• **Exercise data**:
##########
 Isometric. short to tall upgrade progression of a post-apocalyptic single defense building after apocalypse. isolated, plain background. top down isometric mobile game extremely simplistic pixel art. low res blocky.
##########
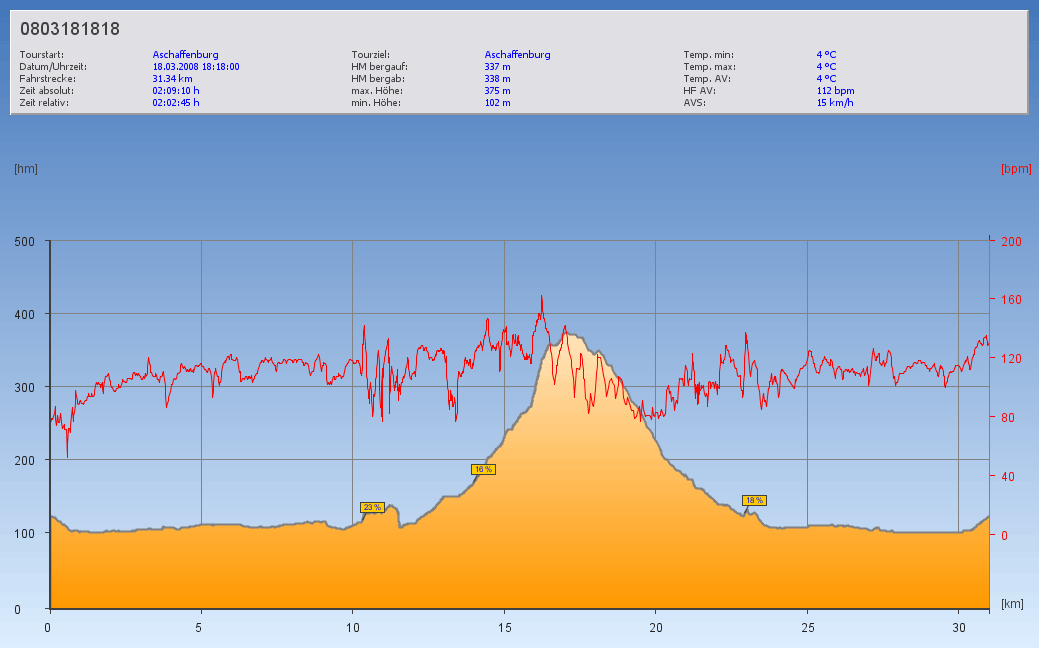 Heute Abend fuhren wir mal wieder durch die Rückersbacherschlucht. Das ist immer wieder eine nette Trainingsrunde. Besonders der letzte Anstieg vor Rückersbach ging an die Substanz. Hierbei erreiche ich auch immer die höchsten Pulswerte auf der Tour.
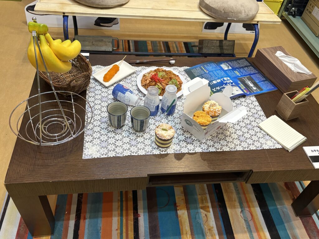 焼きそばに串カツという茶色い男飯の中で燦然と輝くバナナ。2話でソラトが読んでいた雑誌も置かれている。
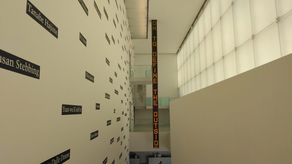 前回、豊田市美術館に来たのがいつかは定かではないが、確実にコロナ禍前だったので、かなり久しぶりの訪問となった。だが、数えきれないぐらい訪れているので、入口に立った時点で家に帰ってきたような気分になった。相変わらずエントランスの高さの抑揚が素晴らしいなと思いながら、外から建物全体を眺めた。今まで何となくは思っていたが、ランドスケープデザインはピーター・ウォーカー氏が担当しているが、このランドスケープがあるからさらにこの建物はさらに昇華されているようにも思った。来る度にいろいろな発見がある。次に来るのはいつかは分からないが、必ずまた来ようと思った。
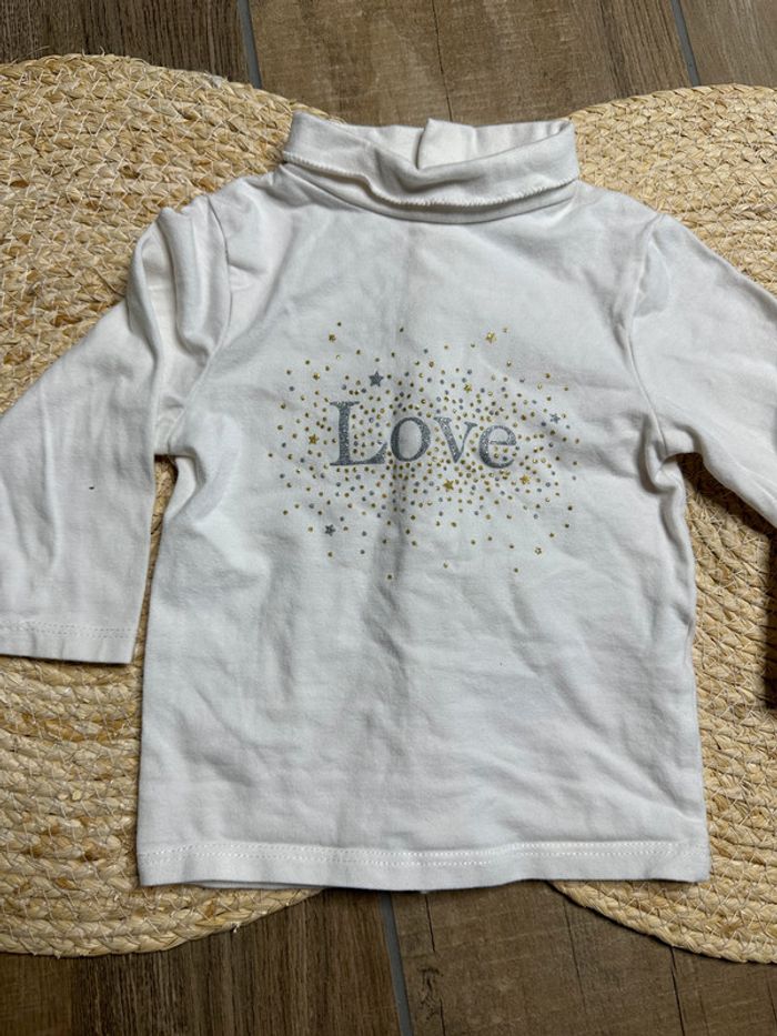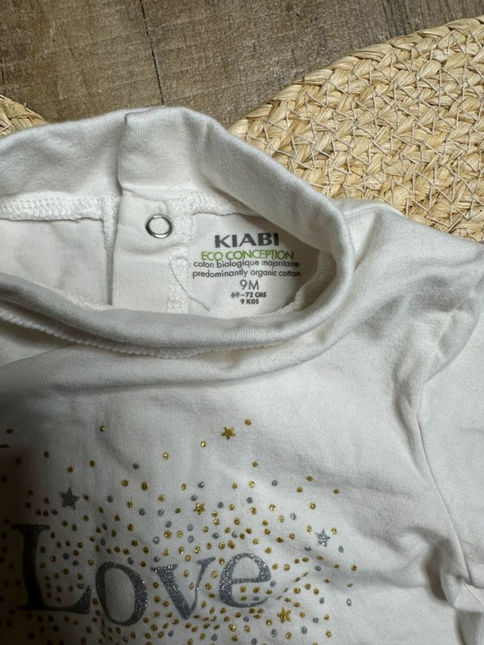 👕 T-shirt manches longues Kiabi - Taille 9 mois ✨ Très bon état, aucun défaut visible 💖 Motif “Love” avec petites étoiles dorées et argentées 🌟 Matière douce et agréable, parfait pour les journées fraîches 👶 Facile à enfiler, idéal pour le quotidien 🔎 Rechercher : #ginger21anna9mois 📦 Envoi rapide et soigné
##########
• **Work order**:
Repeat the lines above exactly, beginning with the one containing "前回、豊田市美術館に来たのが" and finishing with the one containing "rapide et soigné". No pictures belong in the copy.

• **Output for this task**:
 前回、豊田市美術館に来たのがいつかは定かではないが、確実にコロナ禍前だったので、かなり久しぶりの訪問となった。だが、数えきれないぐらい訪れているので、入口に立った時点で家に帰ってきたような気分になった。相変わらずエントランスの高さの抑揚が素晴らしいなと思いながら、外から建物全体を眺めた。今まで何となくは思っていたが、ランドスケープデザインはピーター・ウォーカー氏が担当しているが、このランドスケープがあるからさらにこの建物はさらに昇華されているようにも思った。来る度にいろいろな発見がある。次に来るのはいつかは分からないが、必ずまた来ようと思った。
 👕 T-shirt manches longues Kiabi - Taille 9 mois ✨ Très bon état, aucun défaut visible 💖 Motif “Love” avec petites étoiles dorées et argentées 🌟 Matière douce et agréable, parfait pour les journées fraîches 👶 Facile à enfiler, idéal pour le quotidien 🔎 Rechercher : #ginger21anna9mois 📦 Envoi rapide et soigné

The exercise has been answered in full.